In una giornata nella quale c’è chi vuole riaccendere odi atavici e fratricidi, ricordiamo che c’è stato – in Italia – anche chi ha operato per pacificare e ricucire le ferite della guerra 1943-45. Tra questi lo scrittore Cesare Pavese nel romanzo “La casa in collina”. Qui emerge l’autentica pietas italiana, antidoto, farmaco contro i signori delle divisioni, seduti alla guida delle casematte culturali o comodamente seduti sulle verandine con vista parco di una città americana. Per noi l’unità nazionale non si costruisce su memorie divisive, ma sul riconoscimento delle ragioni di tutte le parti che hanno formato la comunità italiana. ***
L’immagine di Cesare Pavese
«Ma ho visto i morti sconosciuti, i morti repubblichini. Sono questi che mi hanno svegliato. Se un ignoto, un nemico, diventa morendo una cosa simile, se ci si arresta e si ha paura a scavalcarlo, vuol dire che anche vinto il nemico è qualcuno, che dopo averne sparso il sangue bisogna placarlo, dare una voce a questo sangue, giustificare chi l’ha sparso. Guardare certi morti è umiliante. Non sono più faccenda altrui; non ci si sente capitati sul posto per caso. Si ha l’impressione che lo stesso destino che ha messo a terra quei corpi, tenga noialtri inchiodati a vederli, a riempircene gli occhi. Non è paura, non è la solita viltà. Ci si sente umiliati perché si capisce – si tocca con gli occhi – che al posto del morto potremmo essere noi: non ci sarebbe differenza, e se viviamo lo dobbiamo al cadavere imbrattato. Per questo ogni guerra è una guerra civile: ogni caduto somiglia a chi resta, e gliene chiede ragione».

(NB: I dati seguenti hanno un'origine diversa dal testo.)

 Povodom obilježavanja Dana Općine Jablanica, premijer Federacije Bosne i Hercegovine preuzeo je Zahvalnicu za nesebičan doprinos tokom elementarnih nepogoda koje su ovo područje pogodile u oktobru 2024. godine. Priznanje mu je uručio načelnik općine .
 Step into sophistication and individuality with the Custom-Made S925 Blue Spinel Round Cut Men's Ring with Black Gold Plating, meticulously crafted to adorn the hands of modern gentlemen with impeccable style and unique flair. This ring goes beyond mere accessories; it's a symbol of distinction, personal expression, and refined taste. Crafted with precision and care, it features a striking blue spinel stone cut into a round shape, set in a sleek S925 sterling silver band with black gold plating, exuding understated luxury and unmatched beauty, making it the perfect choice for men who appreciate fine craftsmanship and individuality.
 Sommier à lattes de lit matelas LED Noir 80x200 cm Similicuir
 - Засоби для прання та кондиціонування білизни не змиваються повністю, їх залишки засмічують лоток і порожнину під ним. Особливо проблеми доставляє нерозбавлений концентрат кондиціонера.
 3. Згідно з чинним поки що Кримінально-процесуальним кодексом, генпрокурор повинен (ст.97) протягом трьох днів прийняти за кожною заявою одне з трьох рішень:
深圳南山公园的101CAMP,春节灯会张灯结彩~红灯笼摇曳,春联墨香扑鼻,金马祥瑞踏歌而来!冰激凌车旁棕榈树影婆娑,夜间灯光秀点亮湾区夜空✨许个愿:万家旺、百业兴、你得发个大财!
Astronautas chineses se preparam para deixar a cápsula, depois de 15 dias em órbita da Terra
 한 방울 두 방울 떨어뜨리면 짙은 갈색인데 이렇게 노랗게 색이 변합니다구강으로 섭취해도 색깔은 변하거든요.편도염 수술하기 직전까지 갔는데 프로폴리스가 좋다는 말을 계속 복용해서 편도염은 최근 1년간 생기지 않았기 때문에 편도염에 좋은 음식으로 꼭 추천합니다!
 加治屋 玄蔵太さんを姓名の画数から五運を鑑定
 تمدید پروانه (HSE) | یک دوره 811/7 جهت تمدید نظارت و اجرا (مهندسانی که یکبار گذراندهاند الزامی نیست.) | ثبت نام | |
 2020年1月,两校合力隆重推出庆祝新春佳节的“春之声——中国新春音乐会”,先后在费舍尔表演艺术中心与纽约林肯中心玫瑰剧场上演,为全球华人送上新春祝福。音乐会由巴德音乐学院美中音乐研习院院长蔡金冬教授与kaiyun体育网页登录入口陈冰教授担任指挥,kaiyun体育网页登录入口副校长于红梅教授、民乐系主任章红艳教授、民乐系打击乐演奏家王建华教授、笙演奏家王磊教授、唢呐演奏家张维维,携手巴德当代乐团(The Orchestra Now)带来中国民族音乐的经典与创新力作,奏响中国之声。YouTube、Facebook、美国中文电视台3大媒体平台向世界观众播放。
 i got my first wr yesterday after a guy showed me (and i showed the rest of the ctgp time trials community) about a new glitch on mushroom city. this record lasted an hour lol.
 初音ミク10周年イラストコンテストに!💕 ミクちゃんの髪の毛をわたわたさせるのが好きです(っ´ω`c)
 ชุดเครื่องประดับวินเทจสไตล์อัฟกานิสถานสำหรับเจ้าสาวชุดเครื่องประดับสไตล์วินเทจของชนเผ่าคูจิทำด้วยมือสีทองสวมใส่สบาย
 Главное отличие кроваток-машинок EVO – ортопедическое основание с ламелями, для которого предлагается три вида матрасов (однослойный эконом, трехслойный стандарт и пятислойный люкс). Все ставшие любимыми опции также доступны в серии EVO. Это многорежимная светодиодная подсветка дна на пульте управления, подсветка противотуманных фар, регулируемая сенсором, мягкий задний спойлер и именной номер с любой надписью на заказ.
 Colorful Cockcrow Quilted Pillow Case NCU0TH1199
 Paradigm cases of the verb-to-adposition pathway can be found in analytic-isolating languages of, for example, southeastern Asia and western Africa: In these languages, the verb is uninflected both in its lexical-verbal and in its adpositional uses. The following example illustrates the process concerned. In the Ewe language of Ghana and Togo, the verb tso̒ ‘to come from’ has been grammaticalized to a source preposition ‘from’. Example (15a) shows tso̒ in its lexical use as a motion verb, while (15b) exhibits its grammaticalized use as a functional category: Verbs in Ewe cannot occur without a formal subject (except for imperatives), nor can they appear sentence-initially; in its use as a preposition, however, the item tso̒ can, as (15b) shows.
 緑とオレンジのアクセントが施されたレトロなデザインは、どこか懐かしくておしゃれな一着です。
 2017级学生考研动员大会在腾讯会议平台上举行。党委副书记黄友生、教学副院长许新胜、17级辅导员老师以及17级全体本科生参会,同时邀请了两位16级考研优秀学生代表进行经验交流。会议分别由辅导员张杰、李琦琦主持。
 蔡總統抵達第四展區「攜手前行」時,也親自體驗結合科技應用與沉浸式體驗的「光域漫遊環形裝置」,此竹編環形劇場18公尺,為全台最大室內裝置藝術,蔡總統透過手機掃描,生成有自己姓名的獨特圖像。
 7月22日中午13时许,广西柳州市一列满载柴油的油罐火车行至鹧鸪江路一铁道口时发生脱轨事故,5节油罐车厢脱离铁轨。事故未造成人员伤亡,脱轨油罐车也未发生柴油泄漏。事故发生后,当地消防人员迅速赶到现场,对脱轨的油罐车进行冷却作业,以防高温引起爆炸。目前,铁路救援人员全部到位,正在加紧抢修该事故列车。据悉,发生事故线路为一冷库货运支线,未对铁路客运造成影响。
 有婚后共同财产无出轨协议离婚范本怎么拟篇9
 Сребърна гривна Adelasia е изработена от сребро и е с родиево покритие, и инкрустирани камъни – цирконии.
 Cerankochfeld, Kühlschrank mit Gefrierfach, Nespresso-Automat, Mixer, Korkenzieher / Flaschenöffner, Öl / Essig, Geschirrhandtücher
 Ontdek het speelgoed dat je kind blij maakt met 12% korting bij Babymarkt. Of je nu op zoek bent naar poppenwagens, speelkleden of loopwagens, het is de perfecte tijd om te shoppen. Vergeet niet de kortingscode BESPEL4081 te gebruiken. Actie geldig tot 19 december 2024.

(Cesare Pavese, La casa in collina)
Che bello, ma non sono convinta sul fine di questo articolo: tutti uniti fraternamente sotto la dittatura? Beh, comodo direi…In tal caso rispolveriamo anche Pavese! Niente, vi blocco. Me lo sentivo, ma ho provato lo stesso a leggervi x darvi una possibilità. 1 sbaglio!